Sur le moyen tiré de l’abus de majorité, il fait valoir qu’aucune des résolutions n’a été adoptée en procédant à un abus de majorité, le programme de travaux s’imposant dans les deux bâtiments. Il ajoute qu’une nouvelle assemblée générale a été organisée le 27 avril 2023 en vue de clarifier la prise en charge par les consorts [X] de tous travaux relevant de leur projet de surélévation.
***
Sur le moyen tiré de l’absence de prise en compte de l’existence de parties communes spéciales :
En application des deux premiers alinéas de l'article 10 de loi n° 65-557 du 10 juillet 1965 : « Les copropriétaires sont tenus de participer aux charges entraînées par les services collectifs et les éléments d'équipement commun en fonction de l'utilité objective que ces services et éléments présentent à l'égard de chaque lot, dès lors que ces charges ne sont pas individualisées.
Ils sont tenus de participer aux charges relatives à la conservation, à l'entretien et à l'administration des parties communes, générales et spéciales […], proportionnellement aux valeurs relatives des parties privatives comprises dans leurs lots, telles que ces valeurs résultent des dispositions de l'article 5 ».
S'agissant des charges communes dites générales (alinéa 2), le principe est donc que tous les copropriétaires doivent y contribuer, chacun à proportion des quotes-parts de parties communes attribuées à son lot, et ce même si elles ne présentent pour eux aucune utilité (Civ. 3ème, 8 février 1995, n° 92-19262, 12 juillet 1995, n° 93-20414, 8 juillet 1998, n° 96-21629).
Aux termes de l'article 6-2 de la loi du 10 juillet 1965, les parties communes spéciales sont celles affectées à l'usage ou à l'utilité de plusieurs copropriétaires. Elles sont la propriété indivise de ces derniers. La création de parties communes spéciales est indissociable de l'établissement de charges spéciales à chacune d'entre elles.
Les décisions afférentes aux seules parties communes spéciales peuvent être prises soit au cours d'une assemblée spéciale, soit au cours de l'assemblée générale de tous les copropriétaires. Seuls prennent part au vote les copropriétaires à l'usage ou à l'utilité desquels sont affectées ces parties communes.

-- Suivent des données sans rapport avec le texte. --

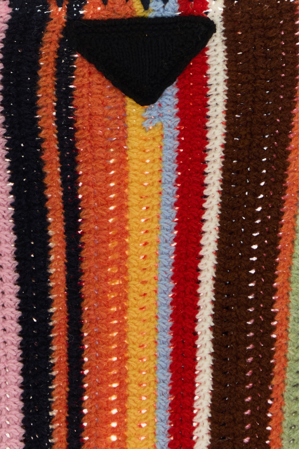Maglione realizzato in crochet di lana vergine e cashmere arricchito da iconico triangolo in tessuto sul retro.

La création de parties communes spéciales dans le règlement de copropriété a nécessairement pour corollaire l'existence de charges spéciales, même en l'absence de stipulation expresse dans le règlement de copropriété sur la répartition de certaines charges de réparation concernant ces parties communes spéciales (Civ. 3ème, 8 juin 2011, n° 10-15.551).